L’opera si sviluppa come un racconto morale e psicologico. Narra la determinazione di un nucleo familiare capace di costruire il proprio percorso artistico partendo dalle difficoltà quotidiane, mantenendo il legame con l’ironia tipica della cultura napoletana. La produzione unisce le forze di Best List e Teatro Stabile di Catania, completata dalle musiche di Nicola Piovani, dalle scene di Roberto Crea e dai costumi di Maurizio Millenotti.
RIFLESSIONE CONTEMPORANEA ALLA SALA ASSOLI CON AYOUB
La programmazione internazionale trova spazio alla Sala Assoli di Napoli alle ore 19 (con replica il 6 luglio alle ore 20), grazie a “Ayoub“. Questa conferenza performativa è ideata, scritta e diretta da Marina Otero, che recita insieme a Ibrahim Ibnou Goush. Lo spettacolo adotta una formula linguistica mista in spagnolo e darija, il dialetto arabo del Marocco, supportata da sovratitoli in lingua italiana per garantire la piena comprensione.
Il nucleo dell’azione scenica esplora l’evoluzione del legame tra i due protagonisti. La narrazione si trasforma da fatto privato a strumento di analisi sui meccanismi di potere e sulle logiche di dominio geopolitico.
Il testo affronta in modo esplicito la questione palestinese e le conseguenze del colonialismo. L’opera si avvale dei video di Florencia De Mugica, delle luci di Facundo David e dei suoni curati da Antonio Navarro, con la produzione esecutiva di Mariano De Mendonça.
IL BERRETTO A SONAGLI IN CHIAVE MODERNA AL TEATRO TEDÉR
Al Teatro Tedèr di Napoli, alle ore 21, l’Associazione Culturale Artenova presenta “Il berretto a sonagli” di Luigi Pirandello per la regia di Gino Auriuso. Il progetto si inserisce in un percorso di revisione dei testi del Novecento, utile per sottrarre i classici a visioni stereotipate.

La trama originale, incentrata sul tradimento subìto da Beatrice nel salotto di casa Fiorica, viene trasposta nella società attuale. I personaggi si muovono in un contesto contemporaneo dove gli oggetti sembrano l’unico elemento concreto. Sul palco si esibiscono Gino Auriuso, Irma Ciaramella, Ivano Falco, Margherita Patti, Gioele Rotini e Ottavia Orticello. I costumi e le scene portano la firma di Francesca Serpe. Si tratta di una scoperta di forte attualità per comprendere i drammi moderni.

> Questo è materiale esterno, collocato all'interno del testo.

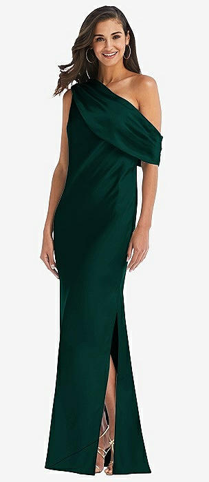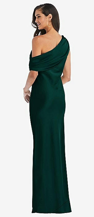 Draped One-Shoulder Convertible Maxi Slip Dress in evergreen

INTRECCI MUSICALI AL DOPO FESTIVAL
La giornata si conclude nel Giardino Romantico di Palazzo Reale con il Dopo Festival gestito da Drop Eventi. Lo spazio all’aperto accoglie Dj Kowu a partire dalle ore 19. Successivamente, dalle ore 22:30, l’attention si sposta sul progetto Trick Beat, un itinerario musicale incentrato sulla cultura del groove e sulle strutture della musica elettronica dal vivo.
(In copertina una scena de “I fratelli De Filippo” – foto di Eugenio Blasi)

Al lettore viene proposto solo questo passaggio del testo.